ASCO: Lilly's abemaciclib vs. Pfizer's Ibrance? Too early to make a call, analysts say

Investors are champing at the bit for data that will help them determine how Eli Lilly’s candidate abemaciclib stacks up against its in-class rivals—particularly Pfizer’s fast-growing Ibrance—in the efficacy department. But analysts say they’ll have to keep waiting.

On Wednesday, Lilly revealed in an ASCO abstract for its Monarch 2 breast cancer study that a combination of abemaciclib and AstraZeneca’s faslodex had posted median progression-free survival of 16.4 months with a hazard ratio of 0.55, topping placebo-plus-Faslodex’s 9.3-month survival benefit.

While Leerink Partners analyst Seamus Fernandez acknowledged that the data was “seemingly less robust” than the 0.46 hazard ratio Ibrance put up in Pfizer’s Paloma-3 study, it’s not really a fair comparison, he wrote in a note to clients. “Different patient populations and a major difference in the performance of the control group” make measuring the two trials side-by-side difficult, he wrote, and investors may have to wait for full results of another Lilly study—dubbed Monarch 3—to get a better picture of how abemaciclib stacks up.

Evercore ISI analyst Umer Raffat agreed, writing to his clients that “it’s impossible to compare hazard ratios when the trial populations (and the median in the comparator arm) are so different.”

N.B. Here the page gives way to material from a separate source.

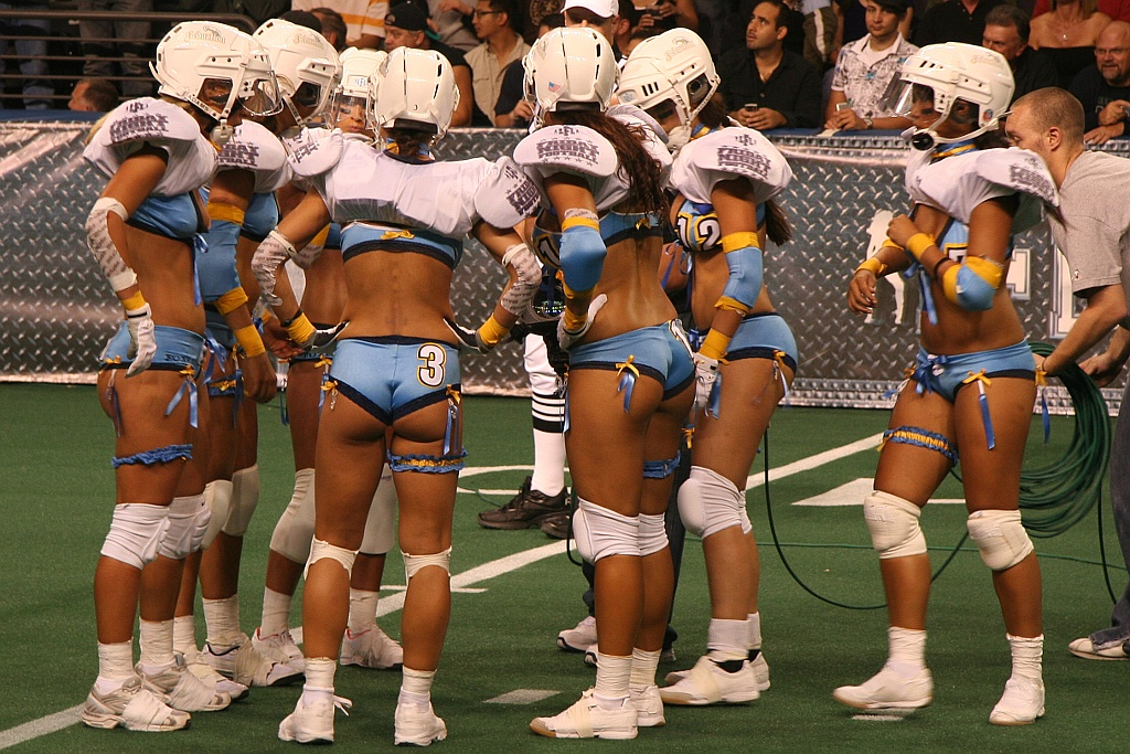 Members of the San Diego Seduction in a huddle

One thing Raffat does think it’s fair to look at, though? The two meds’ tolerability profiles. Lilly’s candidate comes along with a high rate of diarrhea—86.4%, compared with 24.7% for the placebo group—and while the Indianapolis drugmaker says the side effect is “quite manageable with a dose reduction” and OTC remedy loperamide, Raffat pointed out that “in a head-to-head vs. Pfizer, this tolerability metric stands out nonetheless.”

He’s not the only one who thinks so. Last month, Bernstein’s Tim Anderson wrote in a research note that diarrhea could prove particularly burdensome in a drug patients will take for either many months in the metastatic setting or a couple of years in the adjuvant setting.

“Even if low-grade—may influence physician/patient choice adversely,” he wrote. “It is not the kind of differentiation a manufacturer seeks.”

Besides Ibrance, Lilly will have Novartis’ Kisqali to go up against if abemaciclib snags its regulatory go-ahead. The Swiss pharma giant won its FDA OK in March and undercut Ibrance on price to help Kisqali compete with the Pfizer blockbuster.

Leerink’s Fernandez, though, still forecasts Ibrance “taking the lion’s share of the global CDK 4/6” market, he wrote, a market he expects to be worth about $8.8 billion by 2026. He sees abemaciclib, on the other hand, “only achieving ~$1.5 billion sales” that year.